◆ What to produce: Return the data exactly, apart from leaving out the pictures.
Start of Block
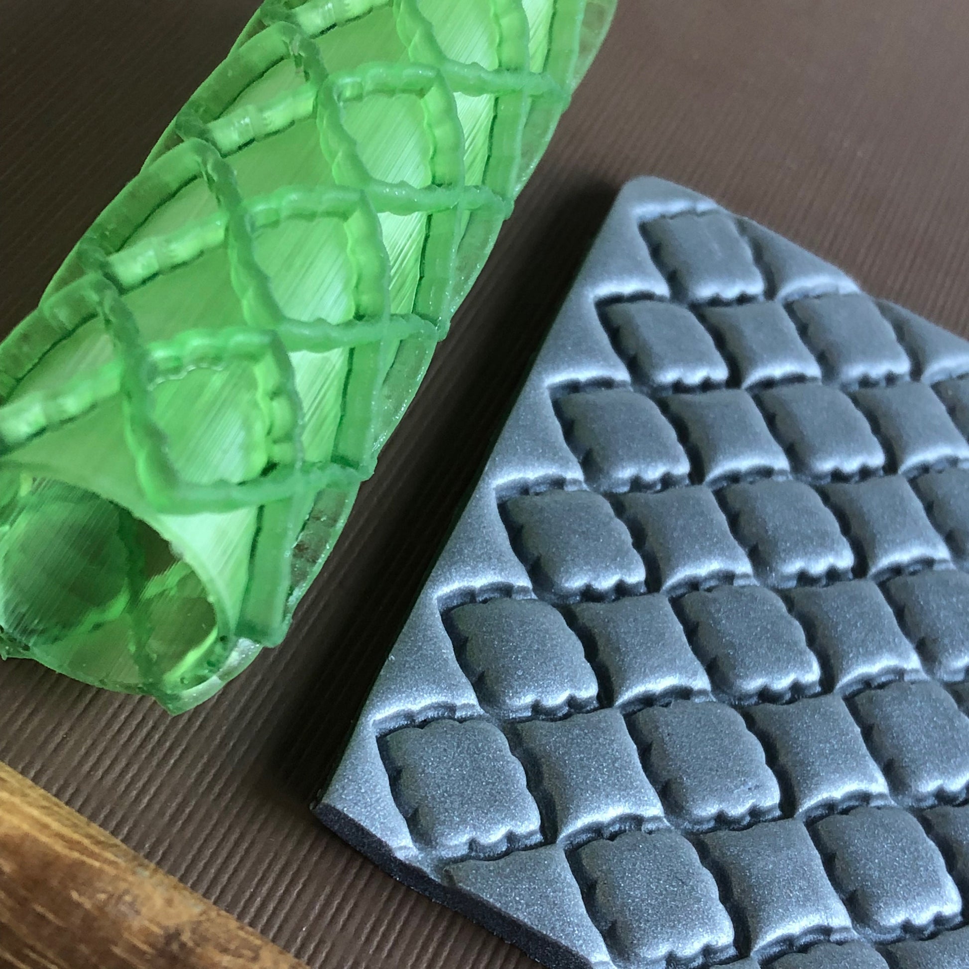 Using the same shape as our popular Moroccan shape cutters, this is a roller designed to make an imprint in polymer clay. Printed with a 3D printer the design is 2mm deep for a good impression. The roller is 6cm tall and approx 2cm wide.
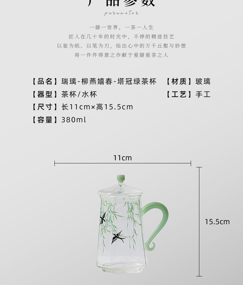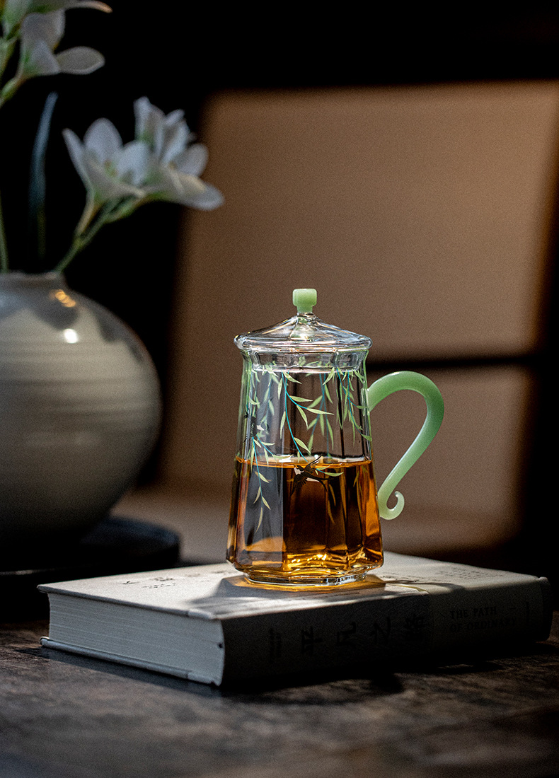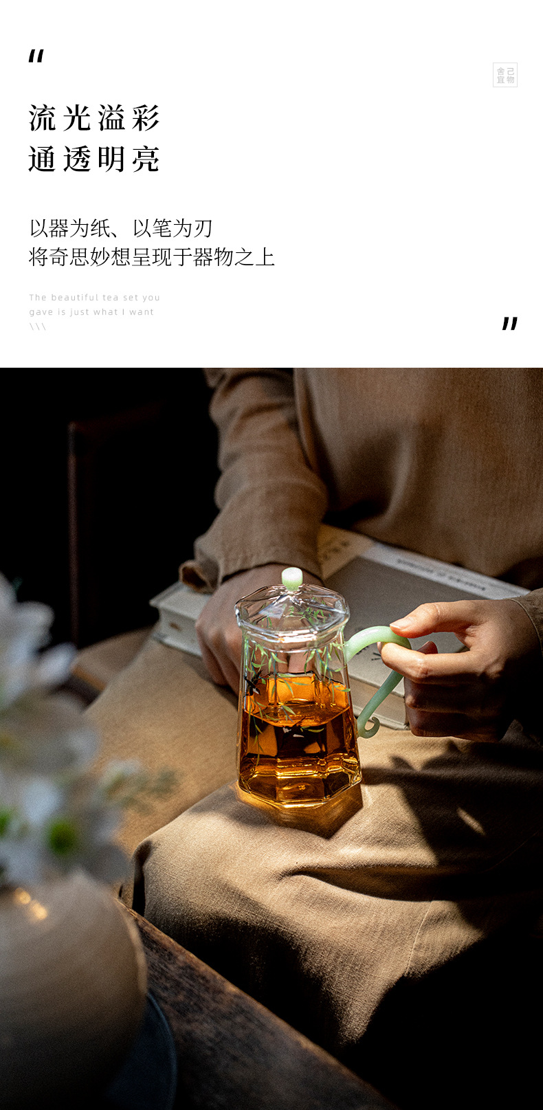 高硼硅玻璃茶杯带盖子办公室手把水杯高颜值花茶杯子不烫手
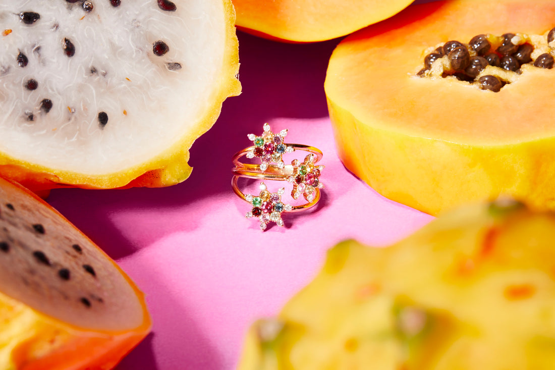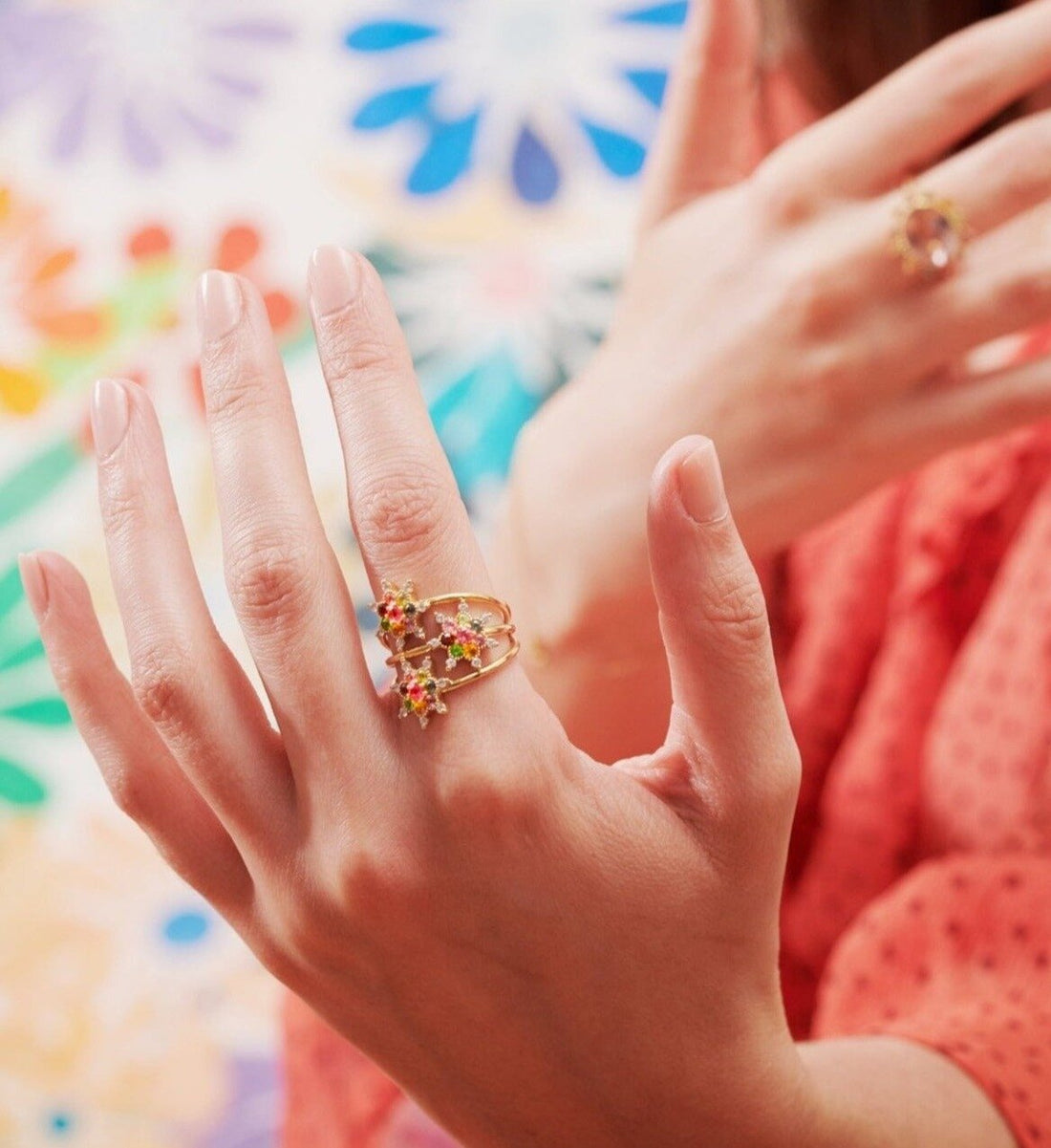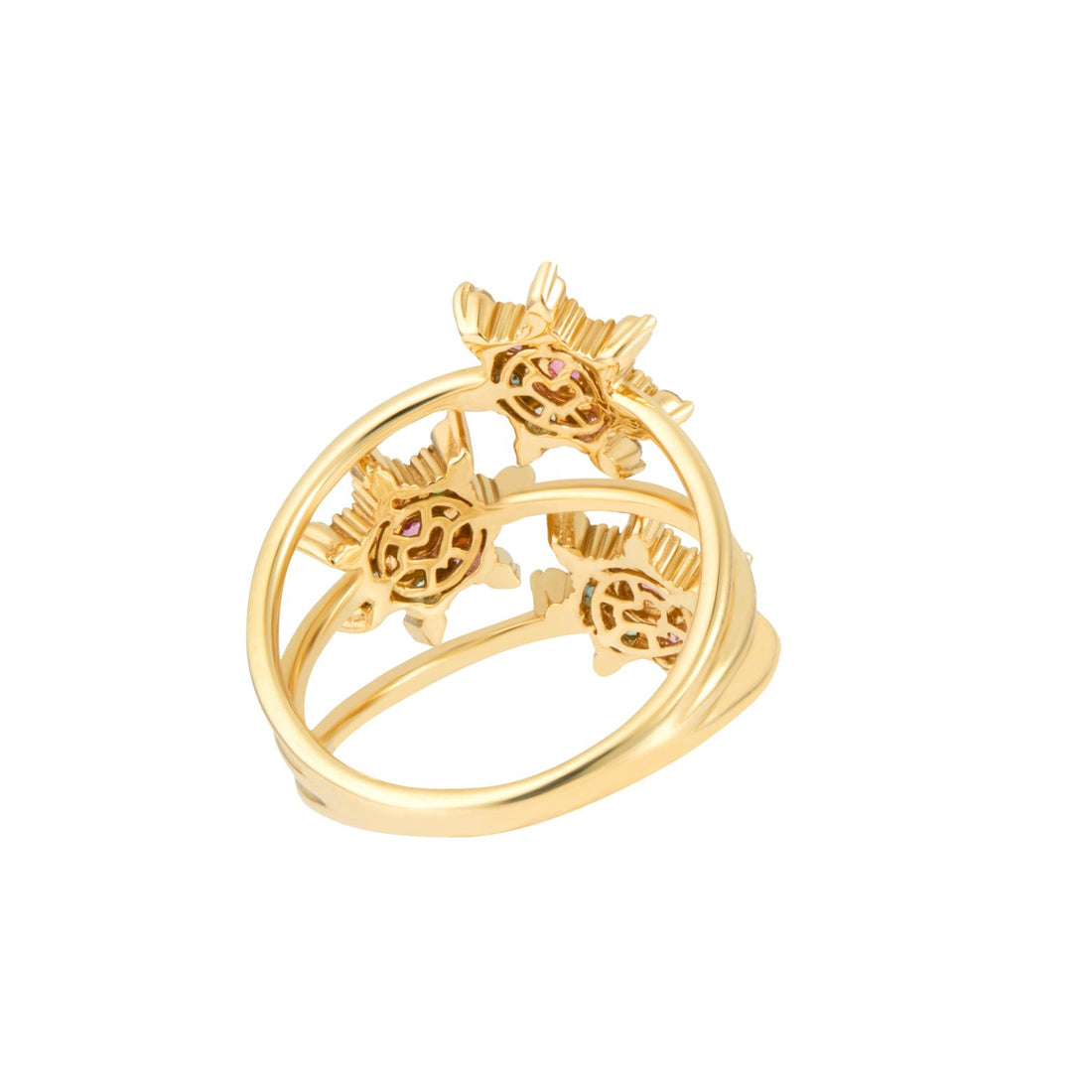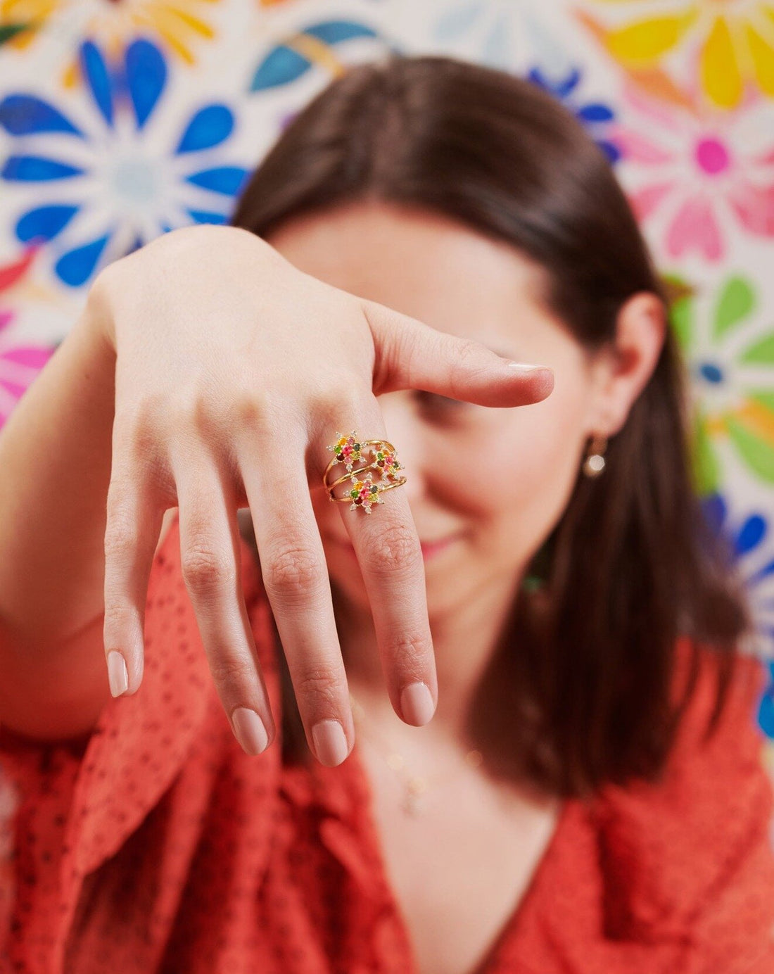 El anillo Constellation Arcoiris es la versión arcoíris del anillo Constellation Bonne Étoiles de Rosa Maïtea. Está elaborado con oro reciclado de 18 quilates y engastado con piedras 100 % rastreables: espinelas y granates de Tanzania en colores vibrantes.
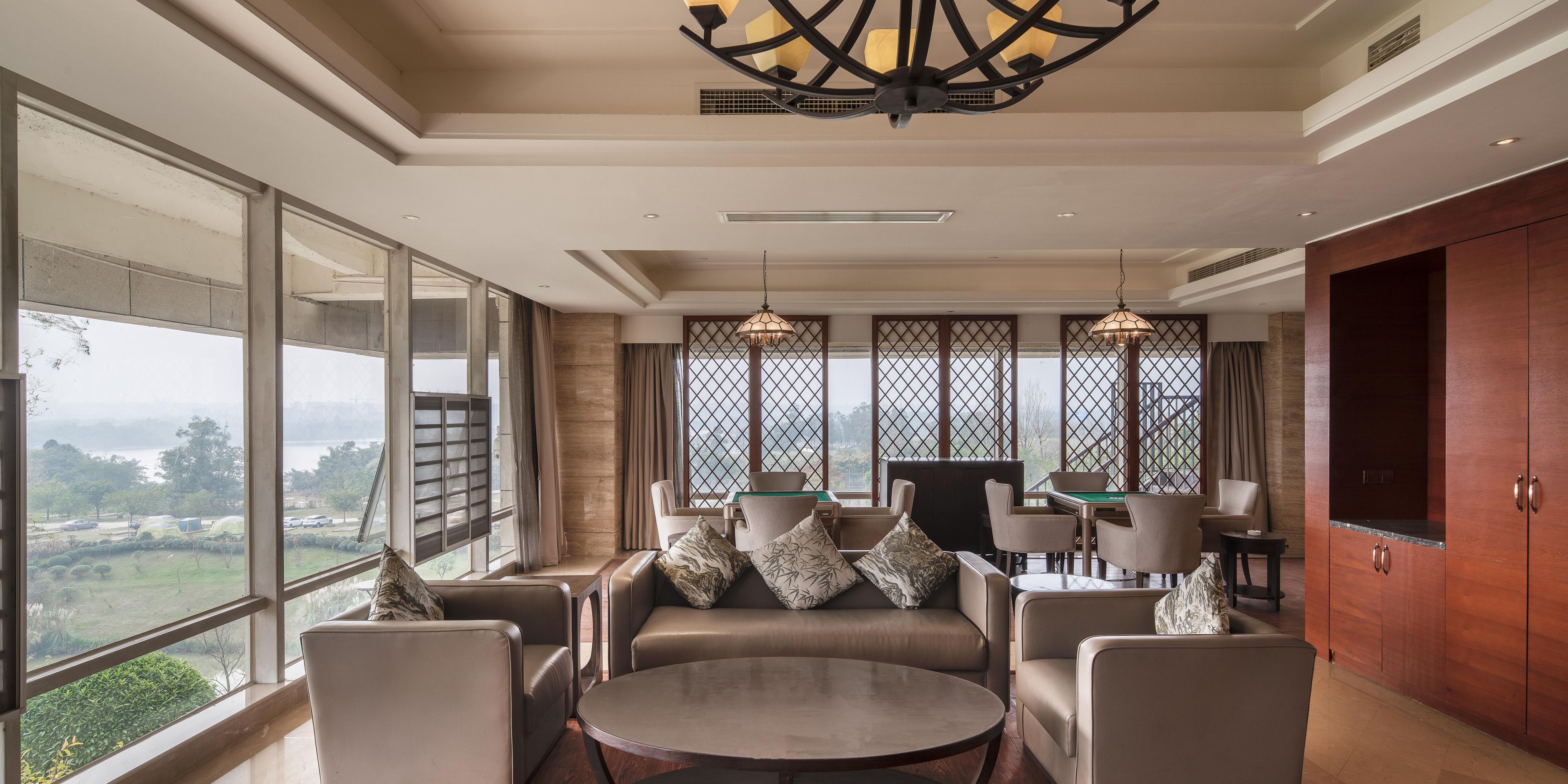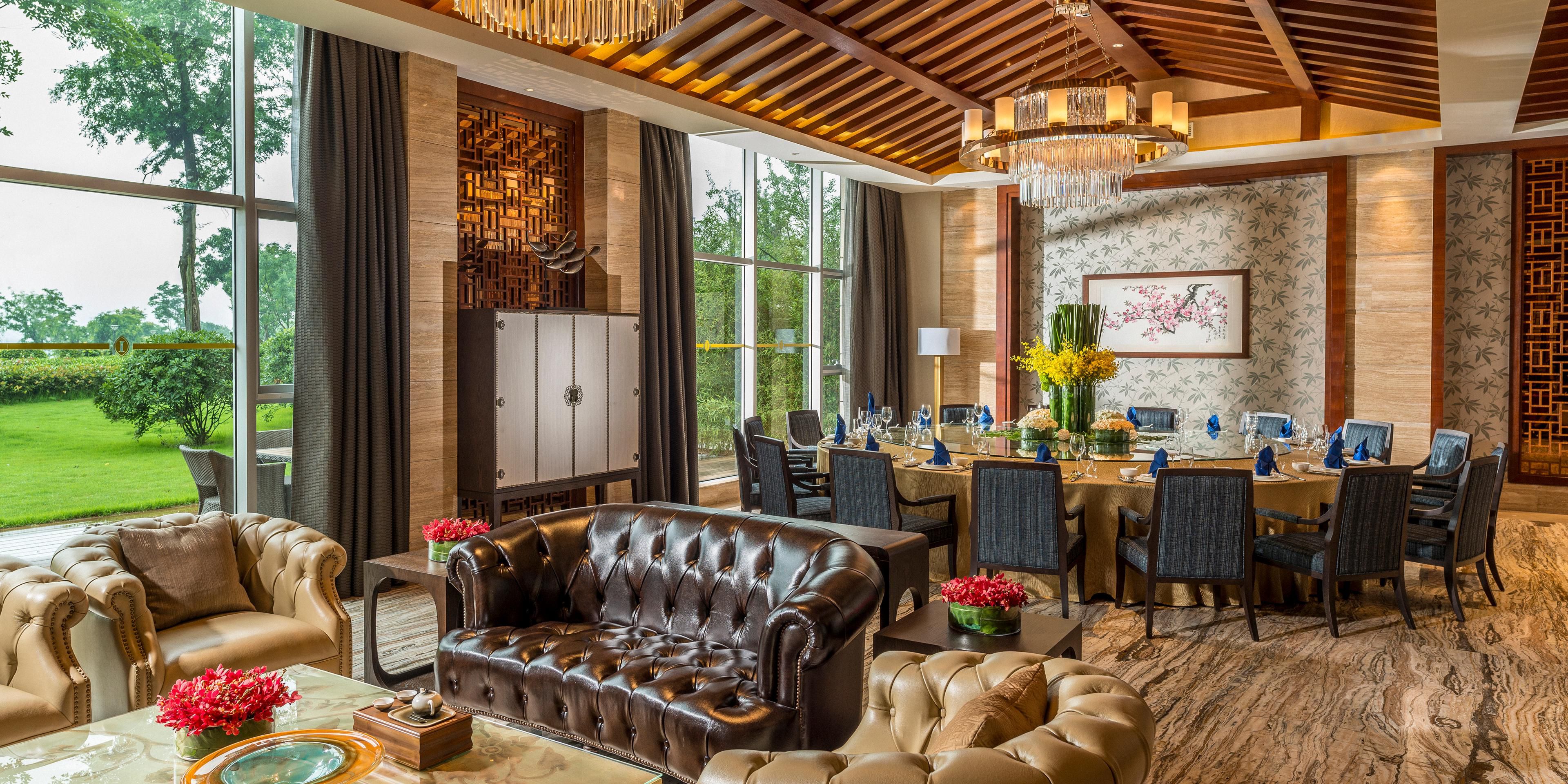 环境风格雅致、气氛怡人为您提供最地道的川式和广东菜肴。在次就餐可观赏黑龙滩迷人风光,尽享超乎想象的美味。12个中餐包间共可容纳160人。我们的主厨不仅善于在时令菜肴上创新,也力求菜肴的完美口感,让每一种挑剔口味都能得到满足。
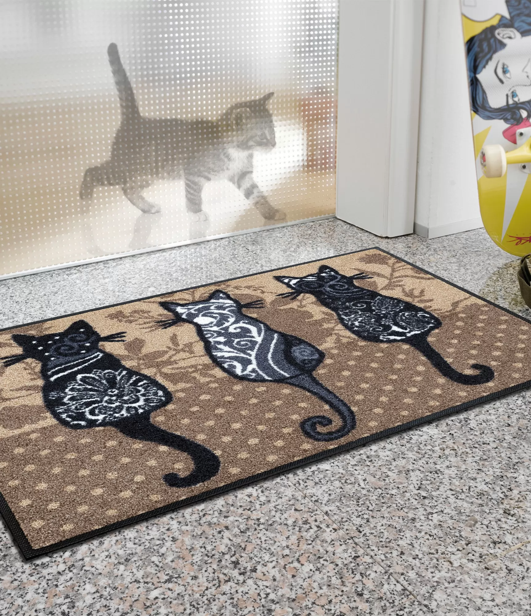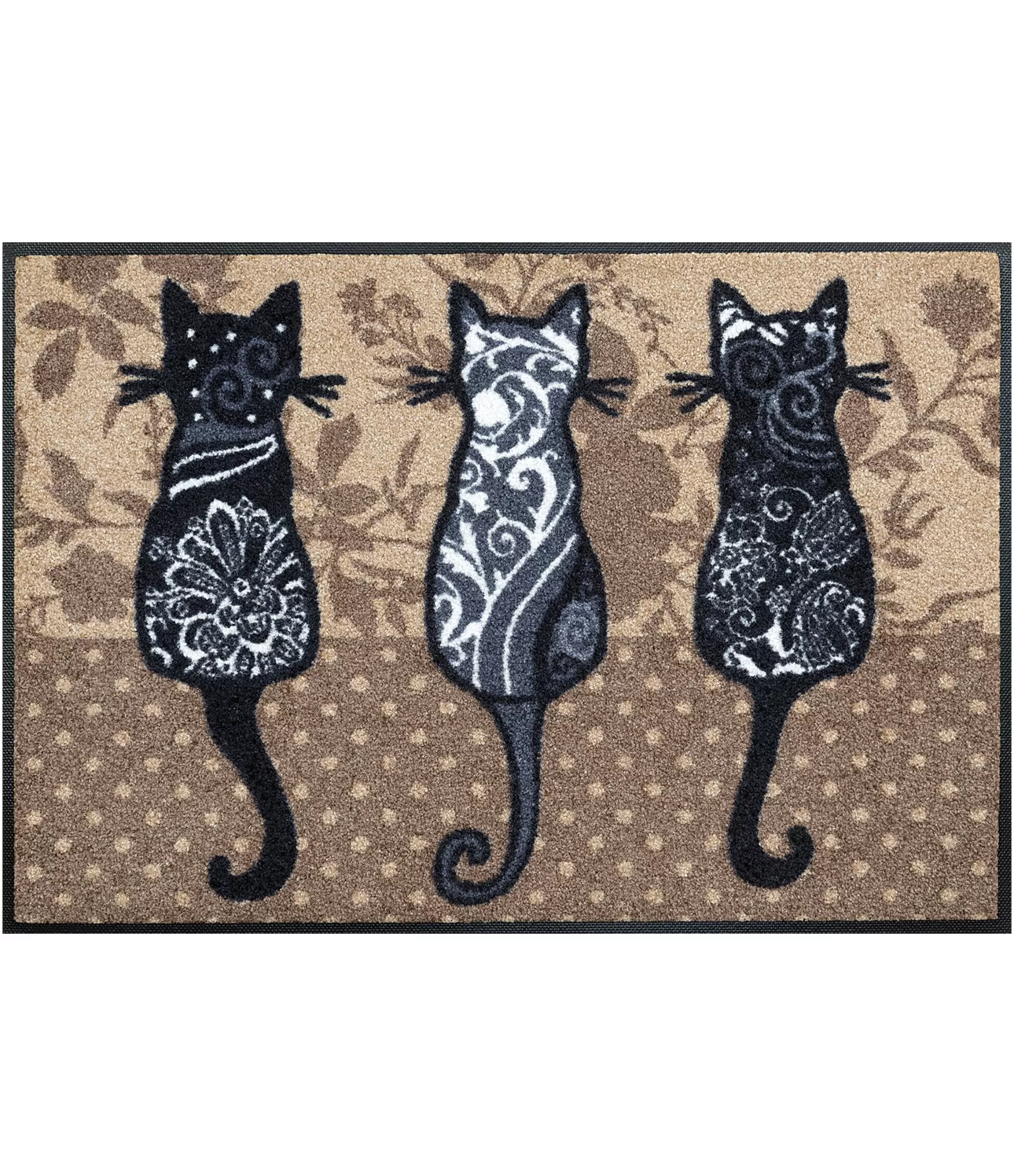 Durų kilimėlis "Katzenbande" iš karto išsiskiria savo žaismingu ir charakteringu dizainu, kuriame pavaizduotos trys dekoratyvios katės su subtiliais ornamentais. Šis sprendimas pasižymi šiltų, natūralių spalvų deriniu – smėlio, rudos ir juodos tonai sukuria jaukią, ramią atmosferą, kuri lengvai įsilieja į įvairius interjerus. Raštų detalės suteikia šiam dizainui išskirtinumo, todėl jis ne tik atlieka praktinę funkciją, bet ir tampa stilingu akcentu prie įėjimo.
End of Block
◆ The completed task:
 Using the same shape as our popular Moroccan shape cutters, this is a roller designed to make an imprint in polymer clay. Printed with a 3D printer the design is 2mm deep for a good impression. The roller is 6cm tall and approx 2cm wide.
 高硼硅玻璃茶杯带盖子办公室手把水杯高颜值花茶杯子不烫手
 El anillo Constellation Arcoiris es la versión arcoíris del anillo Constellation Bonne Étoiles de Rosa Maïtea. Está elaborado con oro reciclado de 18 quilates y engastado con piedras 100 % rastreables: espinelas y granates de Tanzania en colores vibrantes.
 环境风格雅致、气氛怡人为您提供最地道的川式和广东菜肴。在次就餐可观赏黑龙滩迷人风光,尽享超乎想象的美味。12个中餐包间共可容纳160人。我们的主厨不仅善于在时令菜肴上创新,也力求菜肴的完美口感,让每一种挑剔口味都能得到满足。
 Durų kilimėlis "Katzenbande" iš karto išsiskiria savo žaismingu ir charakteringu dizainu, kuriame pavaizduotos trys dekoratyvios katės su subtiliais ornamentais. Šis sprendimas pasižymi šiltų, natūralių spalvų deriniu – smėlio, rudos ir juodos tonai sukuria jaukią, ramią atmosferą, kuri lengvai įsilieja į įvairius interjerus. Raštų detalės suteikia šiam dizainui išskirtinumo, todėl jis ne tik atlieka praktinę funkciją, bet ir tampa stilingu akcentu prie įėjimo.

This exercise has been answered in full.